Квартира наша никогда не запиралась. Справа от входа, на стене, были выцарапаны имена — мое и сестер: Игорь, Залина, Жужу. Из-за двери доносился стук пишущей машинки — папа работал. На цыпочках, стараясь быть незамеченным, я вошел домой и вдохнул родной запах мастики, смешанный с запахом старых пальто, висящих в прихожей.
Кадры из фильма, снятого любительской кинокамерой «Кварц-2».
…Он стоит на пороге и что-то говорит быстро-быстро, потом вдруг высовывает язык. У него волнистые с проседью волосы, зачесанные назад, черные усы и волевой подбородок, как у всех у нас. А глаза бархатные, как у вола. Я играю на скрипке-четвертушке, иногда заглядывая в ноты. Менуэт Баха, ля минор, специально для меня подобранный великим учителем музыки Владимиром Ксаверьевым. Диезы и бемоли похожи на канделябры тронного зала. Творится действо, от которого по спине пробегают мурашки, и, о Боже, я причастен к этому. Пюпитра нет, ноты прислонены к белым пуховым подушкам на кровати. Папа подходит и смеется. Передние зубы немного стерлись. Камера делает панораму: слева от входа массивный платяной шкаф с зеркалом, никелированные кровати у окна — на одной спит бабушка, укрывшись черным пледом так, что видна только голова в темном платке, вторая кровать используется мною в качестве подставки для нот, справа круглый стол с ровными стопками учебников, вешалка с какими-то халатами и огромная, во всю стену, карта Советского Союза. И я, стриженный боксом маленький школяр в зеленой рубашке, с черной подушечкой на шее, стою и смотрю. Худой мальчик с серьезным взглядом. Папа снова высовывает язык и уходит в спальню — камера следует за ним, где возле супружеского ложа, на столике, стоит заправленная пишущая машинка «Оптима», а на полу там и сям разбросаны исписанные страницы. Он садится на кровать и начинает печатать, продолжая улыбаться. А дальше камера скользит по потолку, и внезапно в кадре возникает мама, еще молодая женщина с косой, зашпиленной на затылке. Она хохочет, запрокинув голову и закрыв глаза, и прядь волос дрожит на щеке…
— Буччу-Куыж![1] Где ты бродишь до сих пор? — окликнула меня мама.

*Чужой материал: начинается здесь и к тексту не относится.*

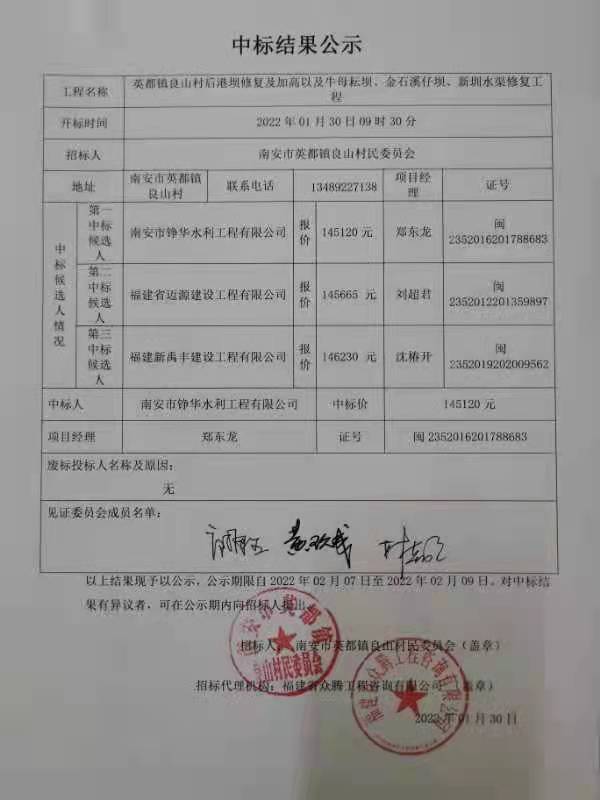 英都镇良山村后港坝修复及加高以及牛母耘坝、金石溪仔坝、新圳水渠修复工程中标结果公示

Лихорадочно стал озираться по сторонам — куда бы спрятать камеру и пузырьки, поскольку из-за съемок я совсем забросил уроки, да еще хламу натаскал домой — лишний повод для взбучки. Наконец открыл обувной ящик и быстро запихнул туда все.

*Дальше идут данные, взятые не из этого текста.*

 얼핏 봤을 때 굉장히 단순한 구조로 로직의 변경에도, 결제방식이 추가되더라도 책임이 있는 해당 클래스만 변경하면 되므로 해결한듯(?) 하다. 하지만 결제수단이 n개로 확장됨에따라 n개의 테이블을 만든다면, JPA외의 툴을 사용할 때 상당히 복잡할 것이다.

— Неужели не проголодался? — Мама появилась в белом переднике, руки в тесте, и от нее веет теплым уютом. Я бросился ей на шею, чтобы предотвратить неприятный разговор, но, увы, бесполезно. — Ты сегодня играл на скрипке? — спросила она строгим голосом.

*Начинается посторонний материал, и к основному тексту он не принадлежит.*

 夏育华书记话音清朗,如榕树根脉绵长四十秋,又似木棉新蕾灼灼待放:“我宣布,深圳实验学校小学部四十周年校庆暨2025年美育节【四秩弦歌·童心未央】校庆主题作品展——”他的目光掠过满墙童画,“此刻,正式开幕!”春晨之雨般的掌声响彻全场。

— Конечно, мамочка, пять раз гамму и два раза этюд номер десять Гедике, — ответил я не моргнув глазом.
— Врет он все! — подала голос младшая сестра, Залинка.
— Мой руки — и за стол, после поговорим.
Из спальни, разминая поясницу, вышел папа. Он был очень серьезен, даже грустен.
— На мын комы, — сказал он по-осетински, — не получается.
— Давай помогу, — попытался я пошутить.
Мы стояли в тесной прихожей напротив детской. Дверь была хлипкая, застекленная, с зелеными занавесками. Толкнул ее ногой. В комнате горел свет, за столом сидела Жужу, старшая сестра, и что-то писала.
— Бери пример с сестры, — укоризненно произнесла мама, — видишь, она целыми днями учит уроки, а тебе б только мяч гонять да с Тенгизом якшаться. Он же старше тебя.
— Я не виноват, что Жужу глупее меня, — усмехнулся я, — она весь день сидит, а мне и пятнадцати минут хватает.
— Мам, скажи этому идиоту! — завизжала сестра, откинув длинные косы с бантами. Мне нравился ее нос с горбинкой, медовые глаза и длинные ресницы, что нет-нет да вспархивали, словно воробьиные крылышки.